Oncoplacental protein SP1--a constitutive and inducible late differentiation marker of the human myelomonocytic lineage

The oncoplacental protein SP1 is found in large quantities in human placenta, amniotic fluid, and pregnancy serum. Low levels have been reported in association with malignancy but also in healthy nonpregnant individuals. By indirect immunofluorescence, fluorescence-activated cell sorting, and immunoprecipitation we here demonstrate the presence of SP1 both on the surface and in the cytoplasm of human granulocytes but not in earlier myeloid progenitor cells in bone marrow.
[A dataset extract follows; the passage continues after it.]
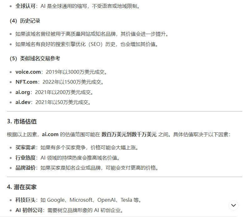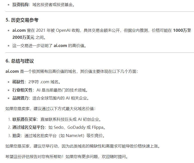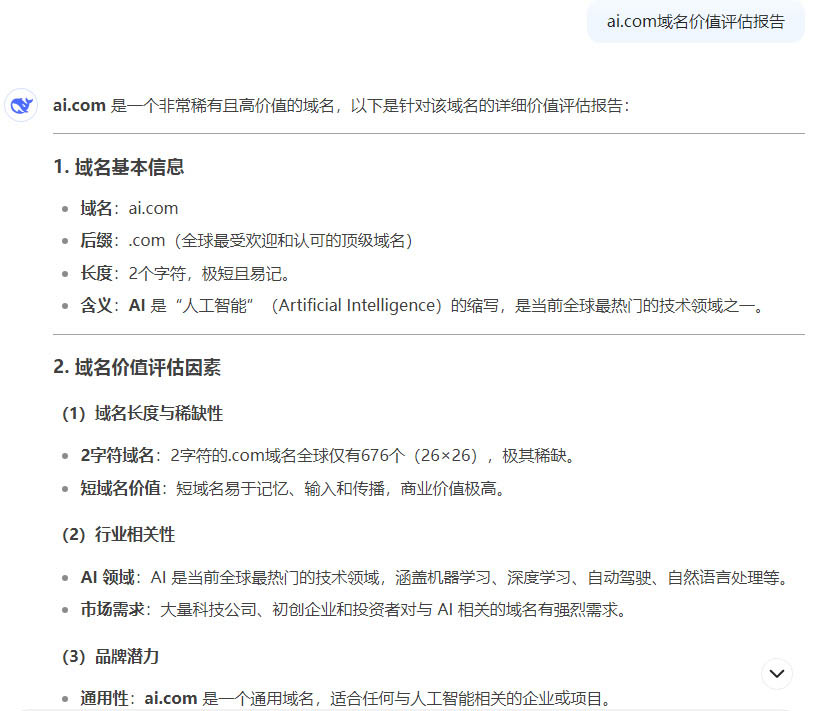 你知道ai.com域名值多少錢呢?Deepseek給出了評估報告!如下:

Lymphocytes did not contain the protein, and only trace amounts could be found in the cytoplasm of blood monocytes. A major glycoprotein with an apparent mol wt of 90,000 was obtained by immunoprecipitation of surface-labeled granulocytes. Cultivated blood monocytes, while adhering to surfaces or forming multinuclear giant cells, displayed a strong membrane and cytoplasmic expression of SP1. Treatment of the myeloid leukemia cell line ML-2 with tetraphorbol acetate (TPA) strongly induced SP1 in the membrane and cytoplasm as revealed by immunofluorescence and polyacrylamide gel electrophoresis (PAGE) of immunoprecipitates from lysates of surface radiolabeled cells. The induction of synthesis of SP1 in TPA-treated cells was confirmed by immunoprecipitation from lysates of cells metabolically labeled with 35S-methionine. Human lymphoblastoid and erythroleukemic cell lines did not express SP1 either before or after induced differentiation. Thus SP1 provides a late differentiation marker for the myelomonocytic lineage and is strongly induced during macrophage differentiation or by TPA treatment of ML-2 cells.